7 Indonesia dan implementasinya sampai pemerintahan Presiden Megawati SoekarnoPutri. 3. Keaslian penelitian Penulis telah mengetahui bahwa banyak artikel, karya ilmiah dan tulisan dalam bentuk-bentuk lain yang membahas tentang kajian tentang peraturan perundang-undangan tentang korupsi di Indonesia, antara lain : a). Frans Hendra Winarta, Peradilan Korupsi, Kepribadian Bangsa, dan Masa Depan Indonesia. September 2004. b). M Hadi Shubhan, Dissenting Opinion Putusan Akbar, 2004 c). AM Asrun, Vonis Bebas Akbar Tandjung Antitesis Pemberantasan Korupsi. 2004, serta masih banyak lagi, tetapi dalam hal ini yang membedakan dengan adalah kajian dalam tesis ini yaitu mengenai kajian sejarah hukum peraturan perundang-undangan pemberantasan tindak pidana korupsi di Indonesia. 4. Manfaat penelitian a. Secara teoritis hasil penelitian ini diharapkan dapat memberikan sumbangan pemikiran bagi proses pemberantasan tindak pidana korupsi yang ada di Indonesia melalui kajian sejarah hukum perundang-undangan tentang korupsi. b. Secara praktis hasil penelitian ini diharapkan dapat memberikan sumbangan pemikiran bagi aparat penegak hukum dalam melaksanakan pemberantasan tindak pidana korupsi di masyarakat.

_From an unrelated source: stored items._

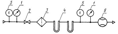где тМ - масса масла, мг; hМ - эффективность тарированного влагоотделителя для масла. 5. ИЗМЕРЕНИЕ СОДЕРЖАНИЯ ВОДЯНЫХ ПАРОВ5.1. Содержание водяных паров (температуру точки росы) следует определять при помощи приборов для измерения влажности или весовым методом. 5.2. Содержание водяных паров (температуру точки росы) весовым методом должно определяться путем пропускания пробы воздуха через U-образные трубки, снаряженные силикагелем-индикатором, с расходом 0,025 дм3/с в течение 2 ч. Изменение цвета силикагеля в последней U-образной трубке не допускается. Схема установки должна соответствовать черт. 3. 1 - манометр; 2 - кран; 3 - фильтр, обеспечивающий очистку воздуха до размеров частиц, соответствующих классу 0 по ГОСТ 17433-80; 4 - трубки, снаряженные силикагелем-индикатором; 5 - термометр; 6 - расходомер Черт. 3 5.3. Содержание водяных паров СВ.П в мг/кг определяют по формуле
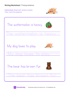 Worksheet instructions: Read each sentence. Then, trace the sentence.
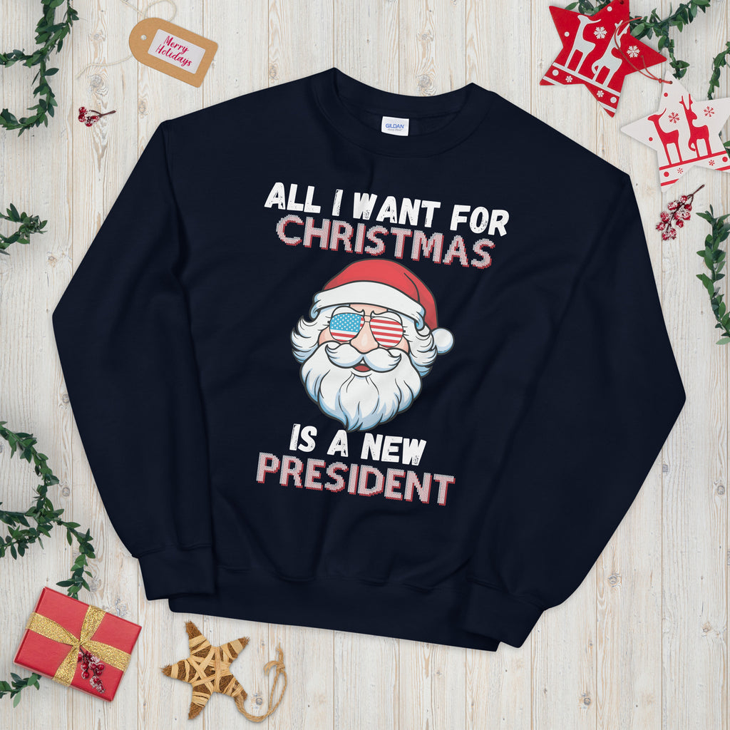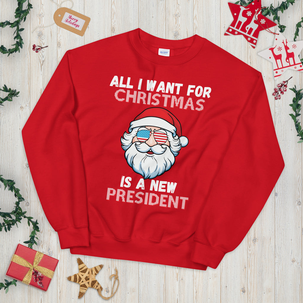 All I Want For Christmas Is A New President, Republican Christmas Sweater, Xmas Conservative Shirt, Anti Biden Sweatshirt, FJB Christmas Tee
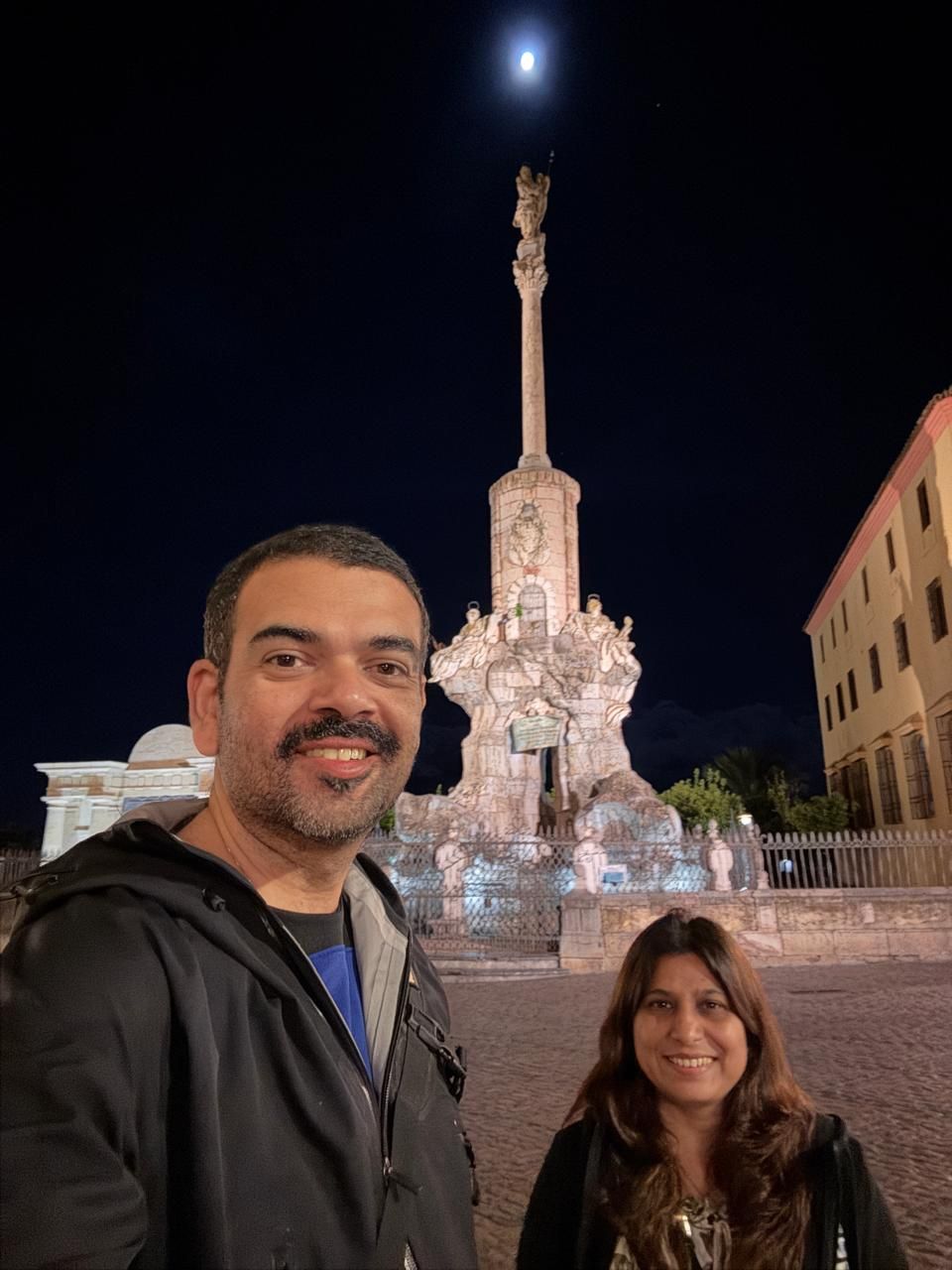 With the Plague monument on an extremely laid-back evening in Cordoba

8 B. Tujuan penelitian 1. Untuk mengetahui dan mengevaluasi perkembangan sejarah hukum terhadap unsur, pengertian, dan perundang-undangan tentang korupsi yang terjadi di Indonesia. 2. Untuk mengetahui dan mengevaluasi implementasi peraturan perundangundangan pemberantasan tindak pidana korupsi di Indonesia. C. Kerangka penulisan Bab I Pendahuluan Menguraikan tentang latar belakang permasalahan, rumusan masalah, tujuan penelitian, manfaat penelitian, keaslian penelitian dan sitematika penulisan Bab II Tinjauan Pustaka Menguraikan tentang pengertian korupsi dilihat dari unsur-unsurnya yang mengalami perkembangan yang semakin kompleks, kemudian dilihat dan dianalisis secara singkat perkembangan-perkembangan tersebut. Bab III Metodologi Penelitian Hukum Menguraikan tentang penelitian normatif yang dilakukan dengan menggunakan pendekatan sejarah hukum, kemudian bahan hukum hukum yang dipergunakan yaitu bahan hukum primer, sekunder, maupun tersier. Proses analisis bahan-bahan hukum yang terdiri dari bahan hukum primer, bahan hukum sekunder dan bahan hukum tersier, yaitu dengan melakukan

9 deskripsi terhadap peraturan perundang-undangan yang berkaitan dengan tindak pidana korupsi Bab IV HASIL PENELITIAN DAN PEMBAHASAN Pertama menguraikan tentang dasar hukum pemberantasan korupsi di Indonesia, kemudian dilakukan sistematisasi dan sinkronisasi. Kedua, menguraikan tentang sejarah peraturan perundang-undangan tentang korupsi di Indonesia dilihat dari masa pemerintahan yang diawali oleh masa pemerintahan Presiden Soekarno (1945-1966) sampai dengan masa pemerintahan Presiden Megawati Soekarno Putri (2001-2004) Ketiga, menguraikan kemudian menganalisis perubahan-perubahan yang terdapat dalam peraturan perundang-undangan tentang korupsi Keempat, Implementasi peraturan perundang-undangan pemberantasan tindak pidana korupsi terhadap kasus-kasus korupsi yang terjadi di Indonesia. BAB IV KESIMPULAN DAN SARAN Menguraikan tentang kesimpulan yang merupakan jawaban terhadap rumusan permasalahan yang ada dan saran-saran yang diajukan oleh penulis terhadap hasil penulisan.